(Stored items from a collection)
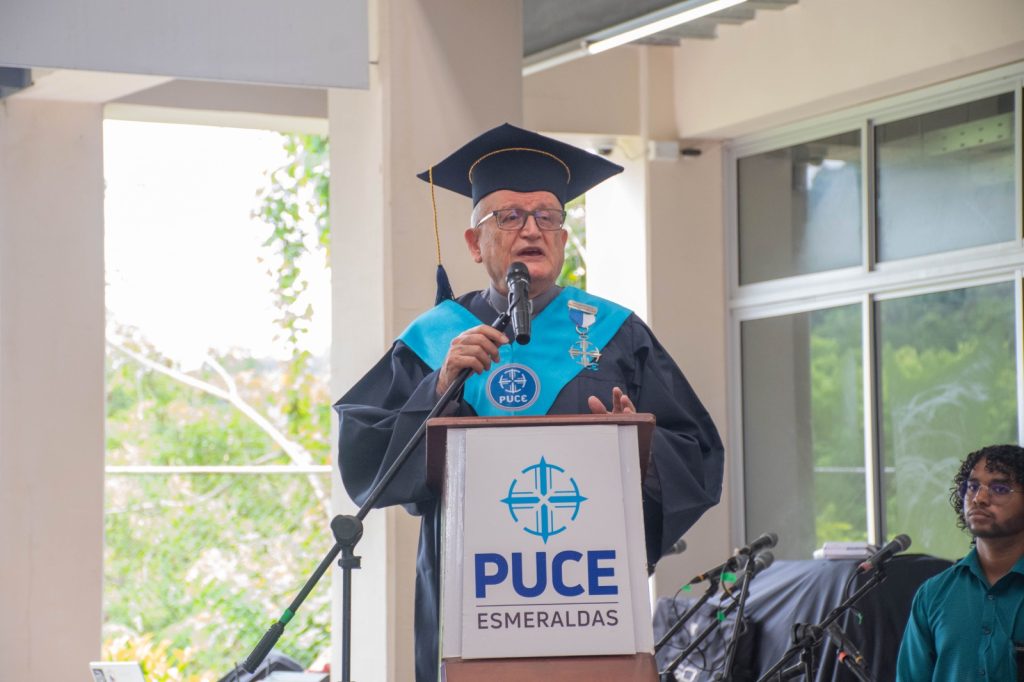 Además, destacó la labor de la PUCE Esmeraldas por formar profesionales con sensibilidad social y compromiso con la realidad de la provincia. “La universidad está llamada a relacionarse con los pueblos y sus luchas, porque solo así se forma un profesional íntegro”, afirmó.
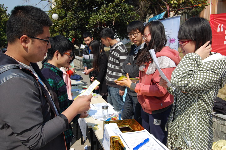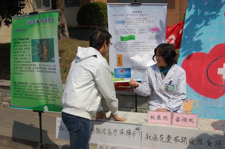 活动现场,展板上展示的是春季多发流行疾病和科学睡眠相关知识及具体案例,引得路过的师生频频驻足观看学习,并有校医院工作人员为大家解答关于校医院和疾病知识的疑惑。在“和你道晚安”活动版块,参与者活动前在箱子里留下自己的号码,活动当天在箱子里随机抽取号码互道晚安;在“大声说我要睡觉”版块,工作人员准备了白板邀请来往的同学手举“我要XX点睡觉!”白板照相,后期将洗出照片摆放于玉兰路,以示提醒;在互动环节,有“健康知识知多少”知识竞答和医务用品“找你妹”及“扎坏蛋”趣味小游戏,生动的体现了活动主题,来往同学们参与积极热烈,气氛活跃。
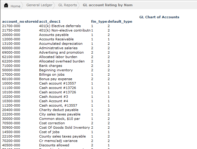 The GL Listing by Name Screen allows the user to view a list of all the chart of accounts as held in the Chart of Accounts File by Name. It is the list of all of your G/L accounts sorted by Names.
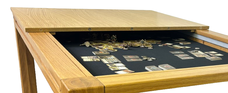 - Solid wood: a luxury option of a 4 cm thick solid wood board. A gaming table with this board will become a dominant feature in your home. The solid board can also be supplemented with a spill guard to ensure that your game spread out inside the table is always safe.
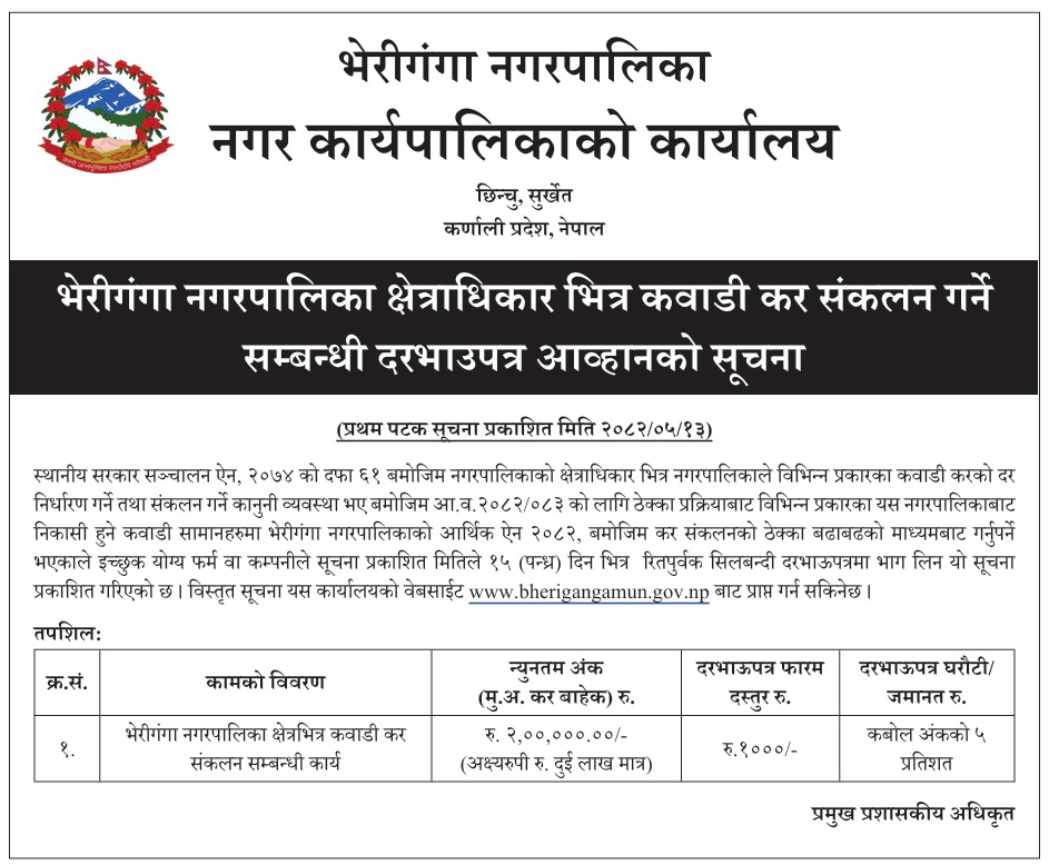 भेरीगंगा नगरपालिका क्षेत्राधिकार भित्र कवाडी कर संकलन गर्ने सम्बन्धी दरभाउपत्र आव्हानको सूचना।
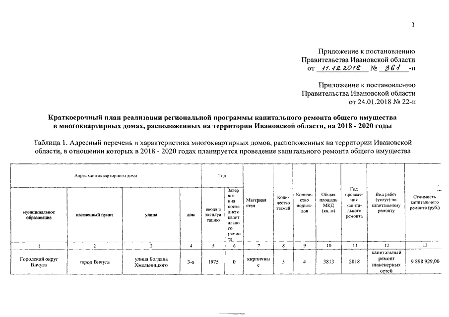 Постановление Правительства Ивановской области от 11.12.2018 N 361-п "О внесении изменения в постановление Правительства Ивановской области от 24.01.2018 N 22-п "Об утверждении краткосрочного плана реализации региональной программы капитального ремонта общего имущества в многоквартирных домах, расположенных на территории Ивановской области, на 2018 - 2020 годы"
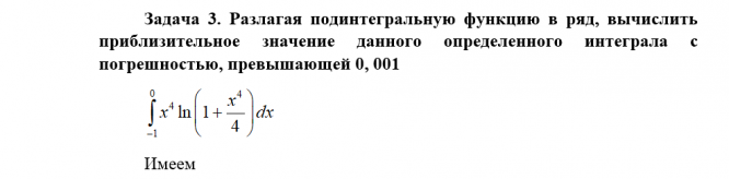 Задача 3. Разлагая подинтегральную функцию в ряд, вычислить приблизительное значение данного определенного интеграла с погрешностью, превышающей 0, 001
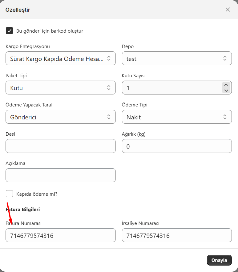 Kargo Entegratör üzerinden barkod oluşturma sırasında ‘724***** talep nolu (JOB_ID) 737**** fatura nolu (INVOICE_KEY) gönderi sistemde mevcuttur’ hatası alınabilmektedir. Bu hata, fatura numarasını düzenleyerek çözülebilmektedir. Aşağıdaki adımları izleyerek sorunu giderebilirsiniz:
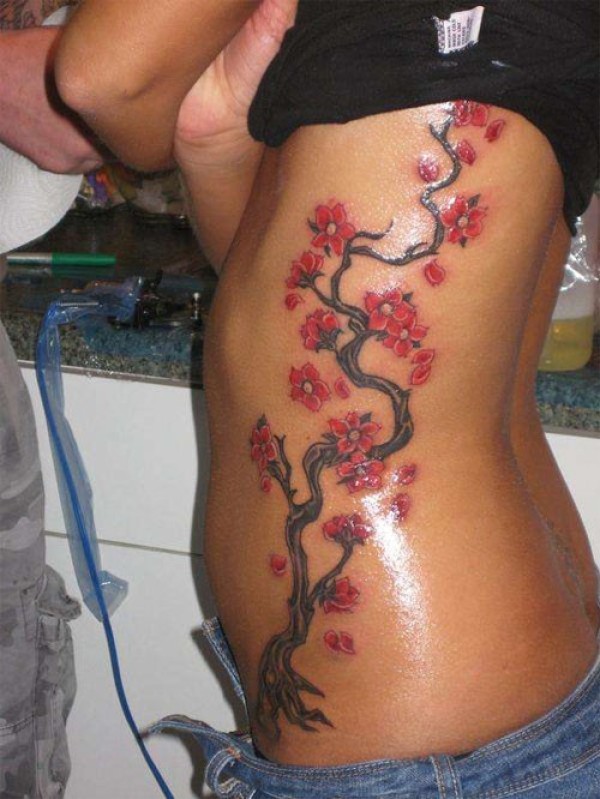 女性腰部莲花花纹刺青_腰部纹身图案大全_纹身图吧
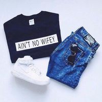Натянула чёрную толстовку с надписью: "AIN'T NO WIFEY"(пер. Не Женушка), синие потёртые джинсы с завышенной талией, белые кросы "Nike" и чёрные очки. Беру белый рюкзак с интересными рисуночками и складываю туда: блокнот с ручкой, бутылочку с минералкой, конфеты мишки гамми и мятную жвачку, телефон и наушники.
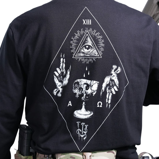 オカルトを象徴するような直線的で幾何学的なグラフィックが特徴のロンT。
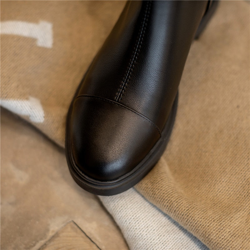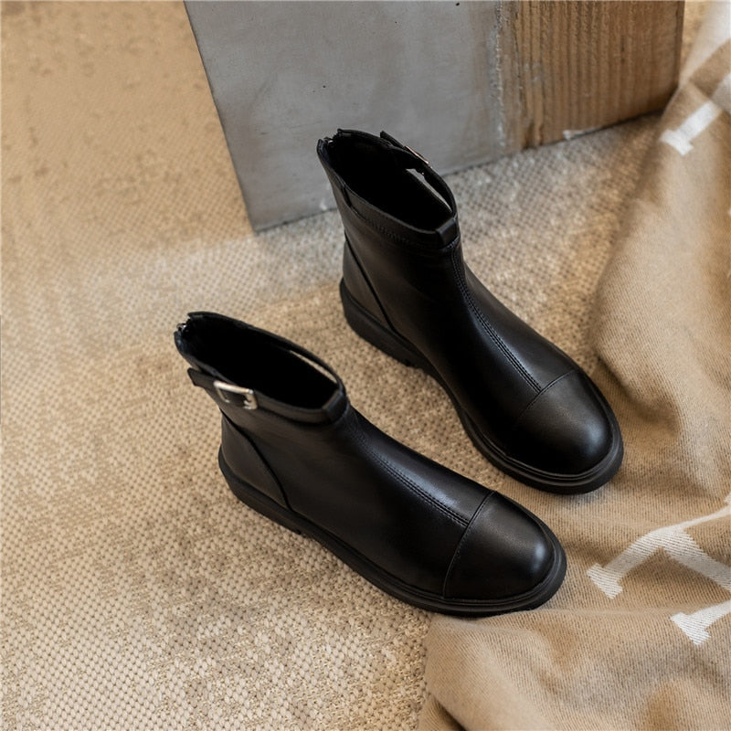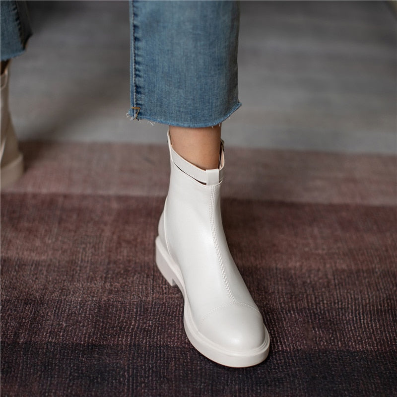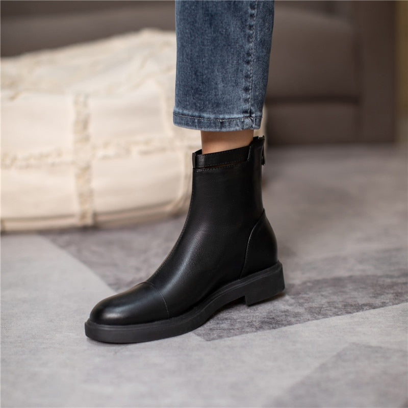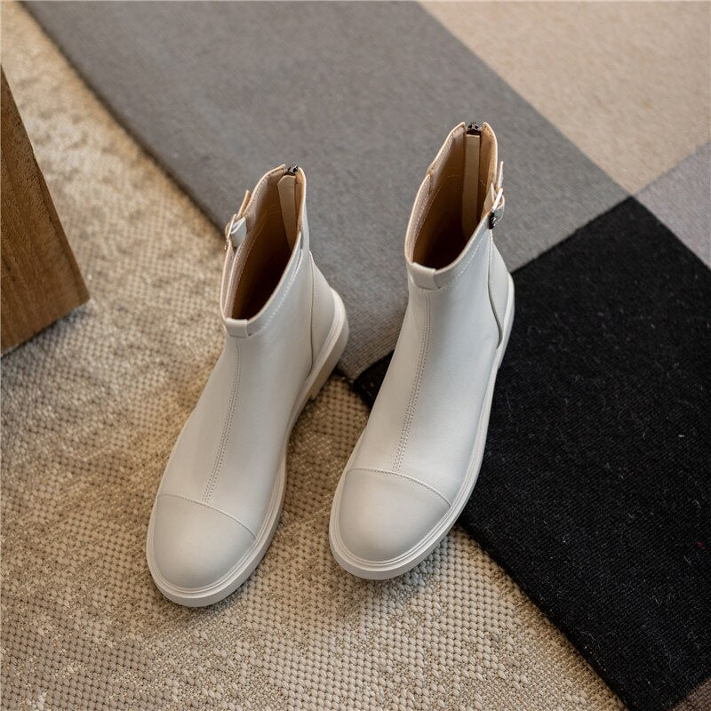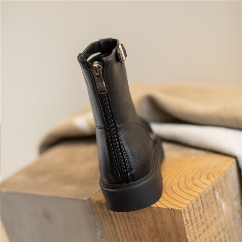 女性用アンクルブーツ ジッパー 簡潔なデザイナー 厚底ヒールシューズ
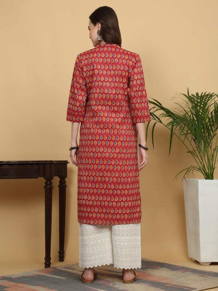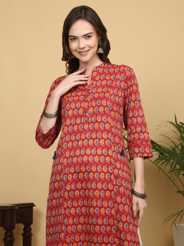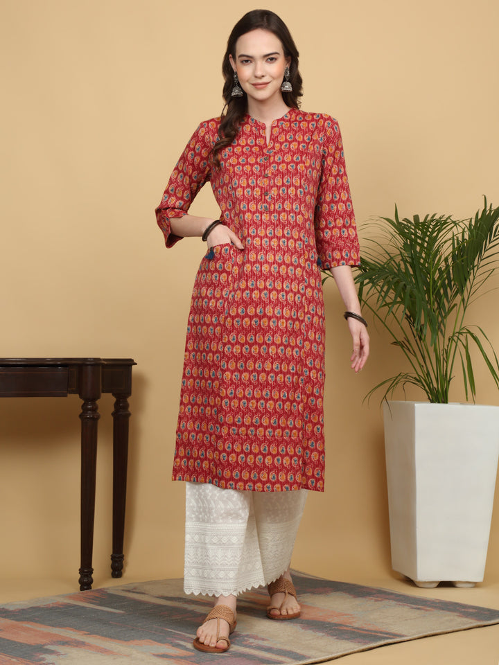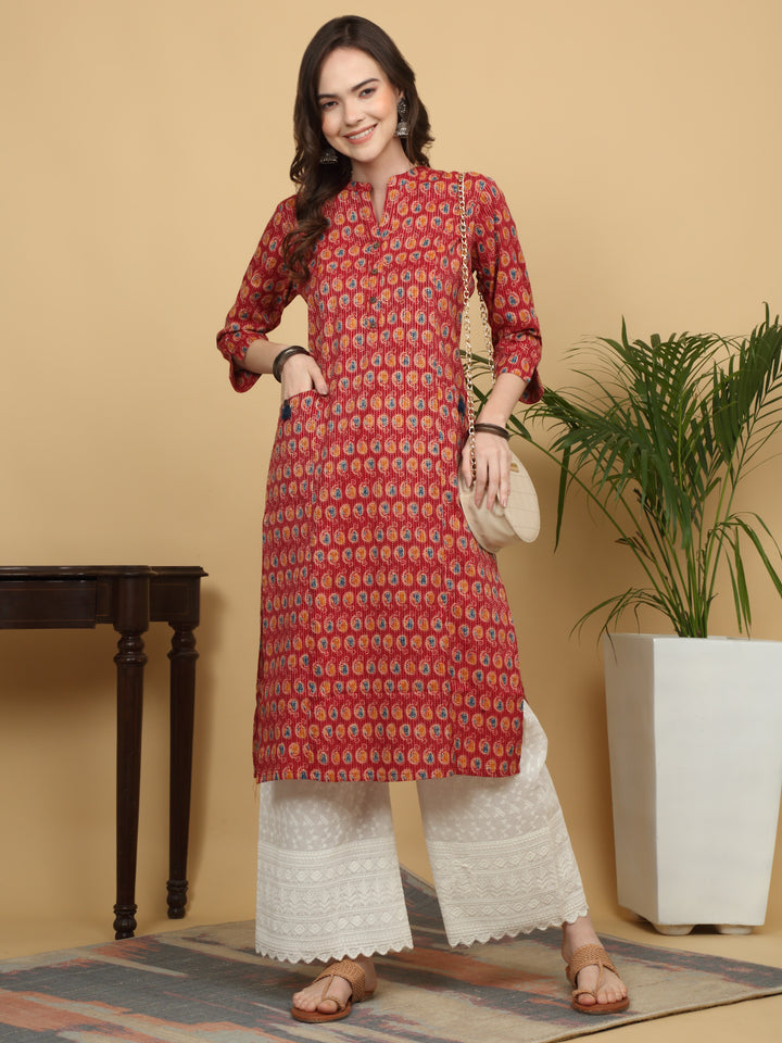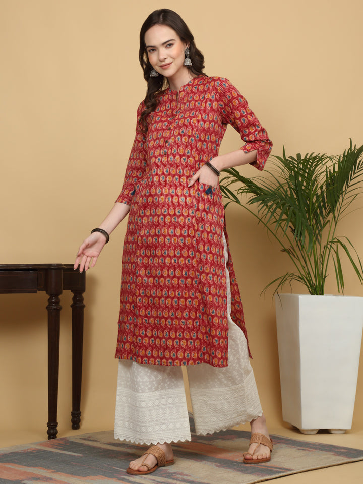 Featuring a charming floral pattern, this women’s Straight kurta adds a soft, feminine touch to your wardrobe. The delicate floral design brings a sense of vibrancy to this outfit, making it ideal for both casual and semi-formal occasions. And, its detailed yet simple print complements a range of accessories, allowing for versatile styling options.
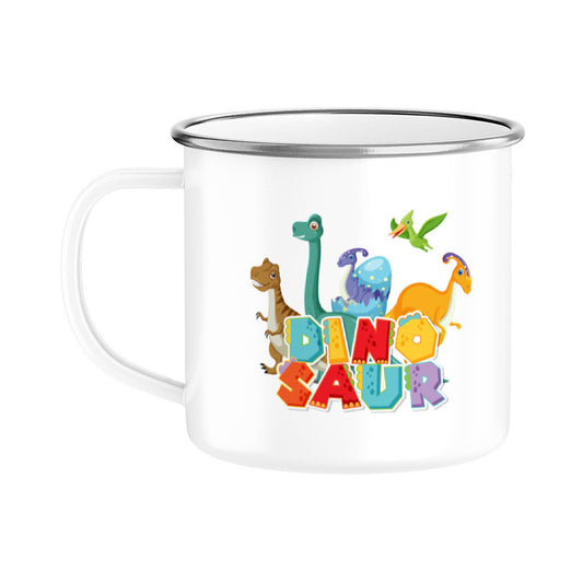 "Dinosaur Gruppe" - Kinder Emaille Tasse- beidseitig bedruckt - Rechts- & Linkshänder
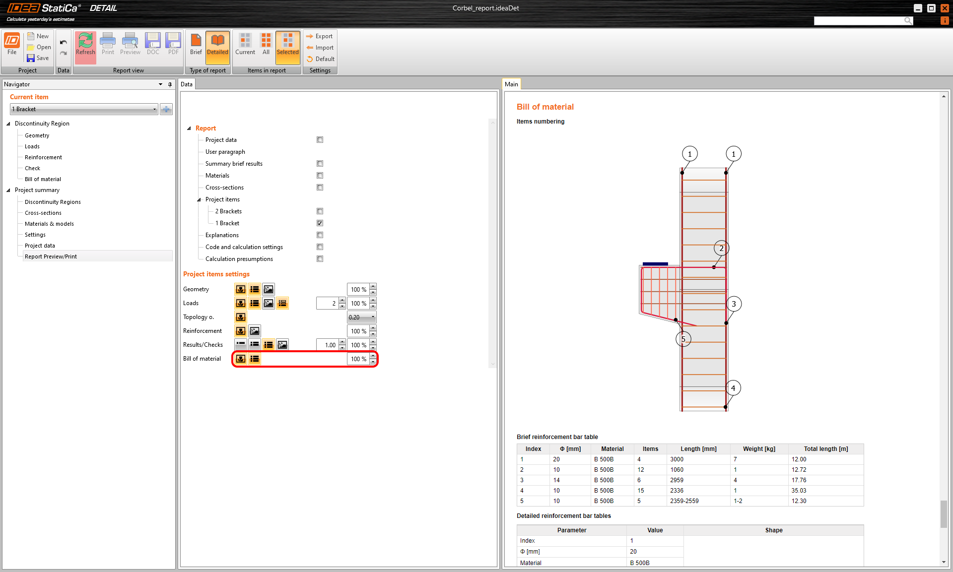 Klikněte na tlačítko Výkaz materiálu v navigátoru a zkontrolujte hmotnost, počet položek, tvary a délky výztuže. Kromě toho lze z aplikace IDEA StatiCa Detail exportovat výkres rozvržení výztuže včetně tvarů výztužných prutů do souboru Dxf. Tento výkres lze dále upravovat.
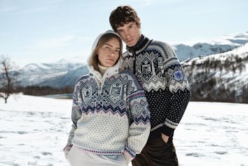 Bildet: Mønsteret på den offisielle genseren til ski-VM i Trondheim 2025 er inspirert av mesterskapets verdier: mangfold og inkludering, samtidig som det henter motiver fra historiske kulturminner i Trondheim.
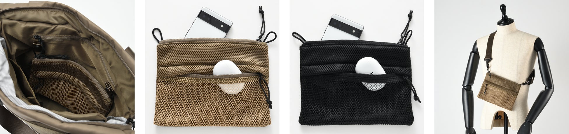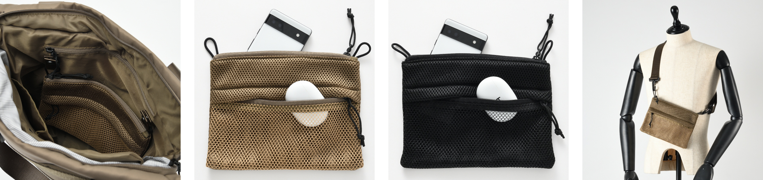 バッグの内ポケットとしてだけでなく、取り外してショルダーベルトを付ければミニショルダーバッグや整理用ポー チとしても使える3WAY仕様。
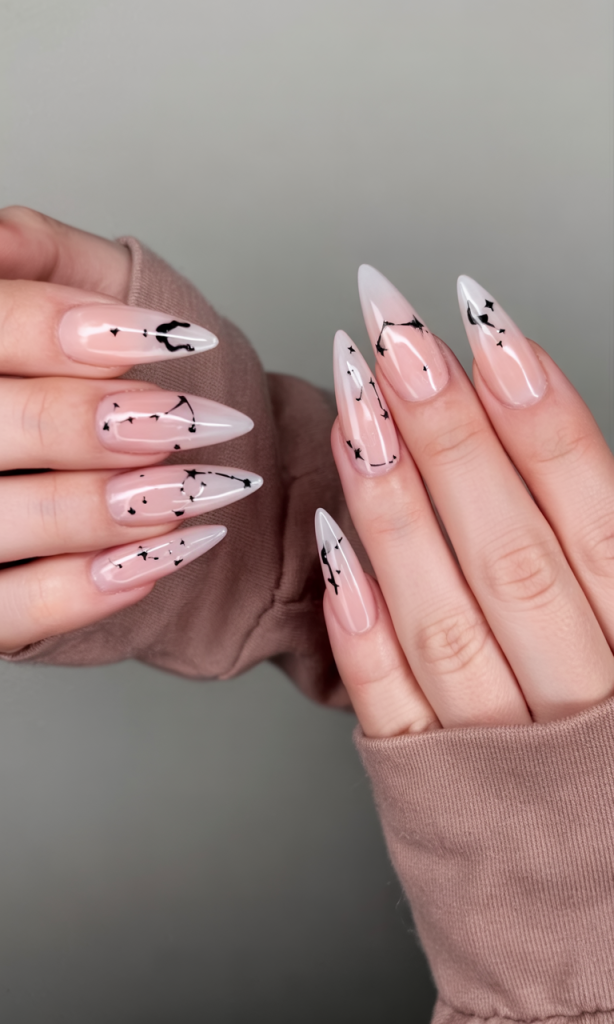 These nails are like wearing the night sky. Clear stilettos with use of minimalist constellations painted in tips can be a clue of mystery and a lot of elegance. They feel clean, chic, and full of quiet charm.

◆ TASK DIRECTIONS:
Would you please repeat only the lines above, beginning at the one that has "The GL Listing" and stopping after the one that has "भेरीगंगा नगरपालिका क्षेत्राधिकार", exactly and with no pictures?

◆ RESPONSE TO THIS TASK:
 The GL Listing by Name Screen allows the user to view a list of all the chart of accounts as held in the Chart of Accounts File by Name. It is the list of all of your G/L accounts sorted by Names.
 - Solid wood: a luxury option of a 4 cm thick solid wood board. A gaming table with this board will become a dominant feature in your home. The solid board can also be supplemented with a spill guard to ensure that your game spread out inside the table is always safe.
 भेरीगंगा नगरपालिका क्षेत्राधिकार भित्र कवाडी कर संकलन गर्ने सम्बन्धी दरभाउपत्र आव्हानको सूचना।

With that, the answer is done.